While having the fisheye on it seemed a good idea to shoot them the other way.

7




Stair Into The Symmetry

Then on up on a roof to grab some nice graffiti

8




Where Were You

There seemed to be quite a few grand looking rooms on the site....

9




Lines To Decay

Also a few pieces of graffiti inside. Not sure if they are real though.

10




Banksy???

11



12



By this time the sun was staring to set which gave us some lovely warm tones

13




Empty Space

14




Landing Light

Thought it be nice to enjoy the sunset from the top of this tower

15




Raf Water Tower

Wasn't easy to start with as the stairs were missing but it was sure worth it.

16




Tower Sunset

17




In The Setting Sun

Thought it be good to grab another group shot before we left....

18




Down In Da Wood

Thanks for looking I hope you enjoyed.


----------



## krela (Aug 19, 2013)

You can buy those banksy stencils on ebay. 

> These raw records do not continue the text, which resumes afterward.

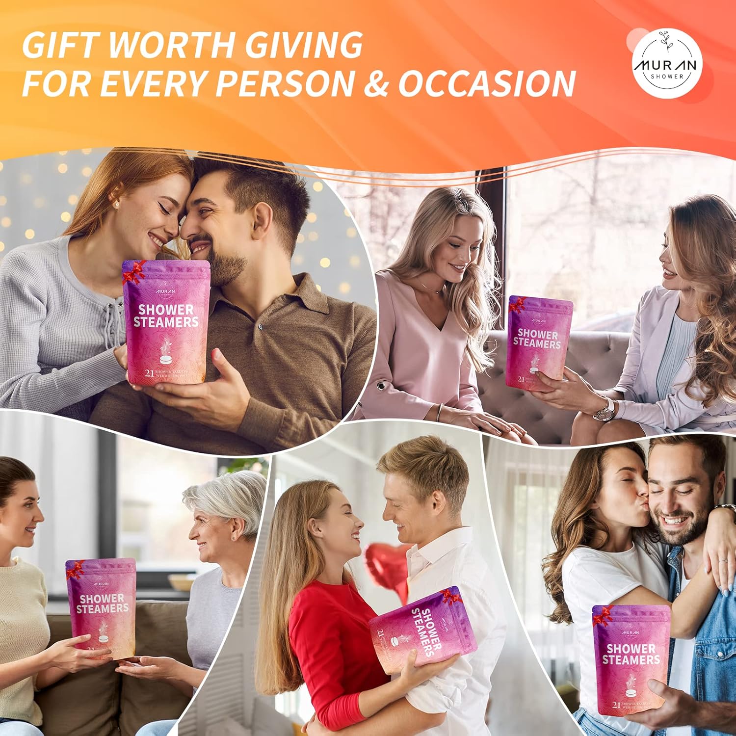 - [New upgraded experience, definition of aromatherapy] For the best shower experience, we have researched many shower bombs on the market and upgraded and improved their scent, shape, and size, MURAN shower steamers are naturally fragrant, it allows you to take a slow deep breath and enjoy every moment of relaxation, try this home spa set now
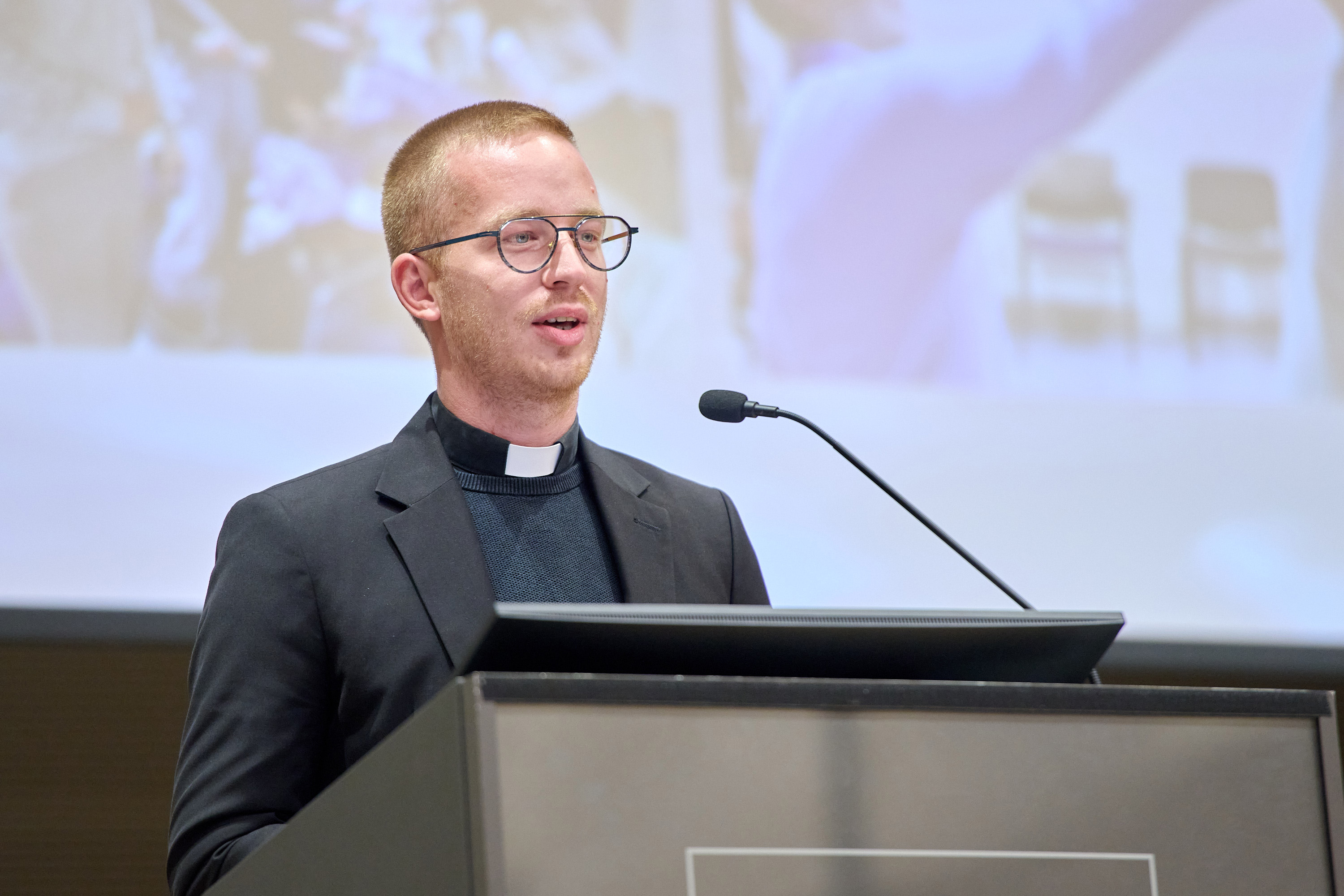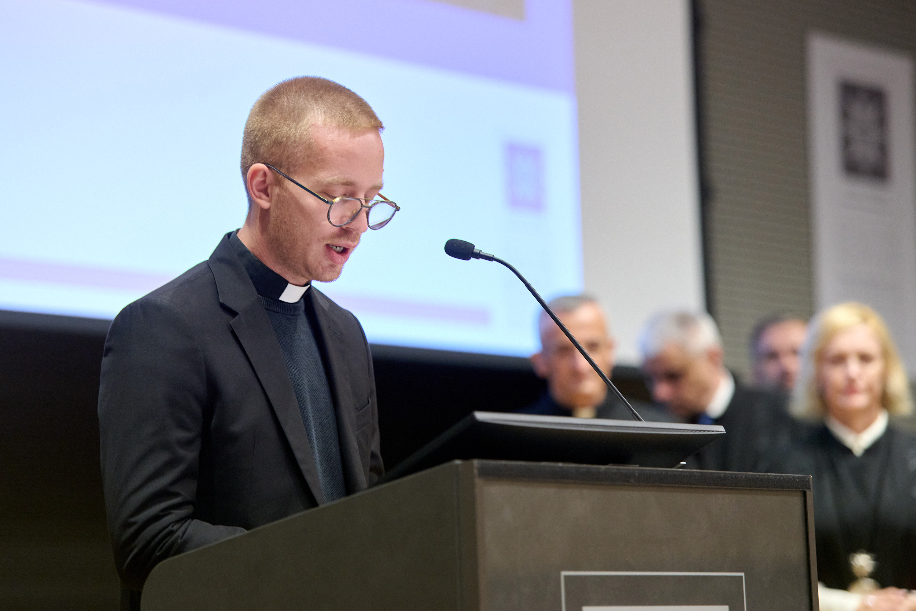 Sveučilišni kapelan vlč. Branimir Jagodić, predstavio je Sveučilišnu kapelaniju, najavivši skori početak aktivnosti te je istaknuo da su vrata kapelanije uvijek otvorena za sva njihova pitanja, probleme, potrebe za duhovnim ili “ljudskim” razgovorom. Svečani akademski čin moderirala je Paula Zujić asistentica Sveučilišnog odjela za sociologiju.
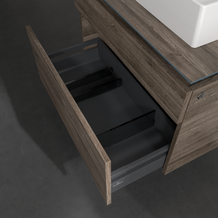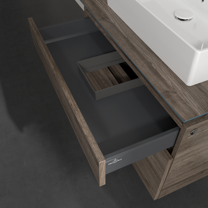Практичні внутрішні перегородки. Продумані внутрішні перегородки у меблях для ванної кімнати Villeroy & Boch дозволяють індивідуально підтримуватипорядок у ванній кімнаті. Різні елементи, такі як регульовані скляні перегородки та ящики для різних розмірів аксесуарів, забезпечують порядок і хороший огляд.
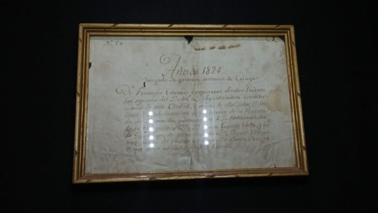 Encontramos un documento que data de 1824, que sería el más antiguo que los documentos que nosotros tenemos registrados. Habla de Tresguerras, que en la última etapa de su vida hace algunas concesiones para sus hijas y para los esposos de sus hijas. En este caso, tenemos un documento donde se le entrega una propiedad, un bien, a uno de los esposos de sus hijas”, contextualizó.
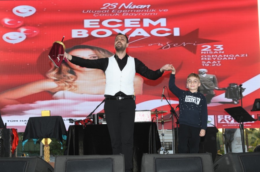Osmangazi Belediyesi tarafından 18-23 Nisan tarihleri arasında düzenlenen 23 Nisan Ulusal Egemenlik ve Çocuk Bayramı kutlamaları, başarılı şarkıcı Ecem Boyacı konseri ile sona erdi. Genç kuşağın sevilen isimlerinden Ecem Boyacı, güçlü sahne performansı ve şarkılarıyla çocuklara unutamayacakları bir müzik ziyafeti sundu. Boyacı'nın konserine gelen çocuklar, ellerindeki Türk bayraklarını sallayarak şarkılara hep bir ağızdan eşlik etti. Genç şarkıcı, muhteşem konseri ile sadece çocukların değil yetişkinlerin de büyük beğenisini topladı.
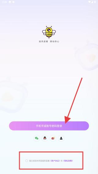 1、打開蜜瘋直播手機(jī)APP,進(jìn)入軟件,需點(diǎn)擊手機(jī)號或賬號密碼登錄的按鈕。
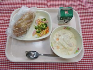 今日の給食は,きなこ揚げパン・牛乳・ハムとブロッコリーのサラダ・マカロニのクリーム煮です。
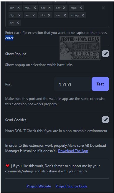 ● Automatically captures Download Links and sends them to the AB Download Manager app
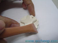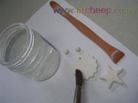 2 ชิ้นให้ติดกันโดยใช้พู่กันจุ่มน้ำเล็กน้อย
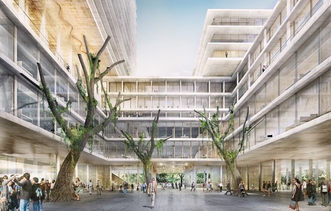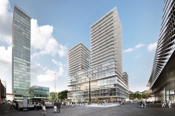 Als Parkhaus-Ersatz schlagen Herzog & de Meuron einen mehrgeschossigen Sockel-Ring vor, mit Innenhof und vier unterschiedlich hohen Türmen mit bis zu 23 Etagen. Auch der Claraturm stammt aus der Feder von Morger Dettli, der Messeturm von Morger + Degelo, die Passerellen-Halle von Herzog & de Meuron.
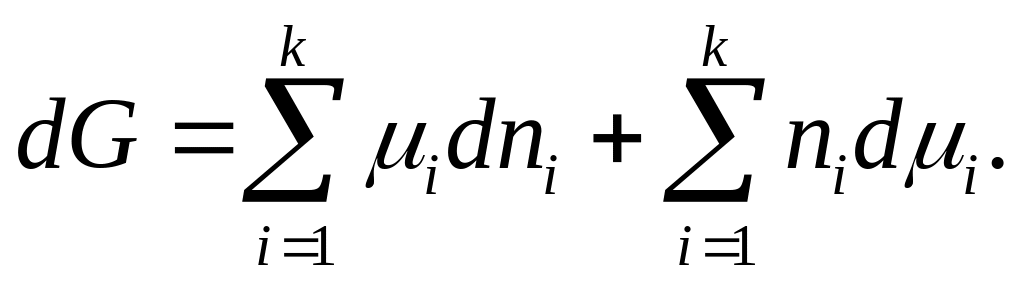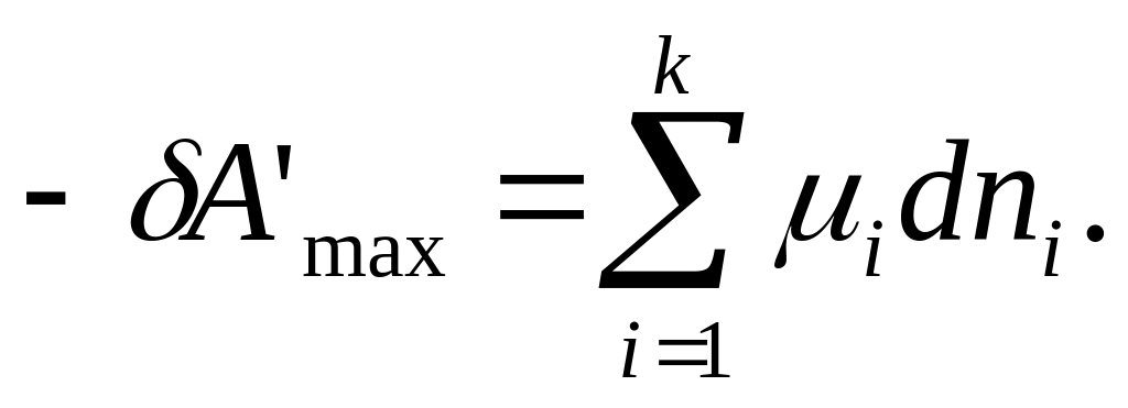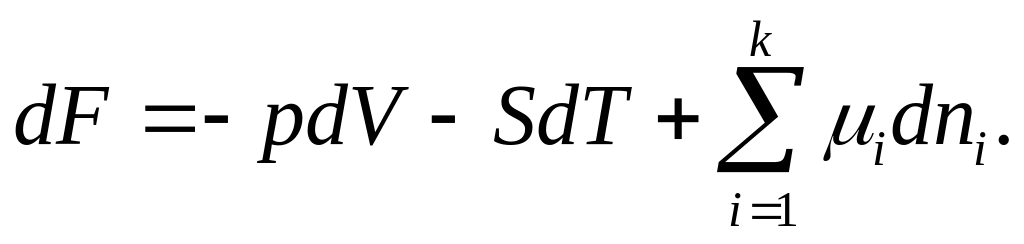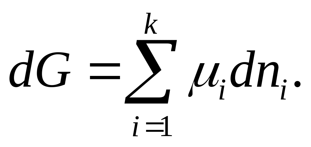 Тогда алгебраическая сумма произведений химического потенциала каждого данного вещества на изменение числа киломолей этого вещества μ1dn1 + μ2dn2 +… μkdnk

Can't buy the skill to use them properly tho!


----------



## Mars Lander (Aug 19, 2013)

Great report and love the processing good one !!


----------



## flyboys90 (Aug 19, 2013)

Cracking photos.


----------



## beardface (Aug 20, 2013)

darbians said:


> 5
> 
> 
> 
> ...


 

I take it you did the shit tag on the staircase on the right?????? one pic it's not there, then it is 


I think it was Stevie Wonder who put the stencils up judging by the overspray. Processing is a bit overcooked.


----------



## darbians (Aug 20, 2013)

beardface said:


> I take it you did the shit tag on the staircase on the right?????? one pic it's not there, then it is
> 
> 
> I think it was Stevie Wonder who put the stencils up judging by the overspray. Processing is a bit overcooked.



Ha you got me! I also ripped off a door, moved some rubbish about and my bag! Or maybe I went on two separate days???? 
Don't go insinuating I spray graffiti in locations you cheeky ****


----------



## Dirus_Strictus (Aug 20, 2013)

Even allowing for the 'strong' processing - The state of the foliage on the distant trees, that one can see through the open doors, clearly indicates that the two images were recorded at different times of the year.


----------



## mookster (Aug 20, 2013)

Dirus_Strictus said:


> Even allowing for the 'strong' processing - The state of the foliage on the distant trees, that one can see through the open doors, clearly indicates that the two images were recorded at different times of the year.



Or photoshop


----------



## skankypants (Aug 20, 2013)

Cracking shots!!


----------



## The Wombat (Aug 20, 2013)

Good to see this place again
interesting report, thanks for sharing


----------



## ImmortalShadow (Aug 20, 2013)

Great shots! Really like the processing, too


----------



## perjury saint (Aug 21, 2013)

*Crackin stuff... Ace rooftop shot! *


----------



## Quattre (Aug 21, 2013)

This is really nice; the one from the tower is fantastic!


----------



## Farmerboy (Aug 22, 2013)

Cracking shots. Seems to have got a bit more overgrown in the 2 years since I last went. Is the front gate still firmly locked?


----------



## beardface (Aug 23, 2013)

darbians said:


> Ha you got me! I also ripped off a door, moved some rubbish about and my bag! Or maybe I went on two separate days????
> Don't go insinuating I spray graffiti in locations you cheeky ****



haha


----------



## darbians (Sep 10, 2013)

Thanks to everyone for the comments.


----------



## Sshhhh... (Sep 13, 2013)

Nice shots, love the last one! Wouldn't mind seeing this place


----------



## steve2109 (Oct 10, 2013)

cracking stuff as always mate


----------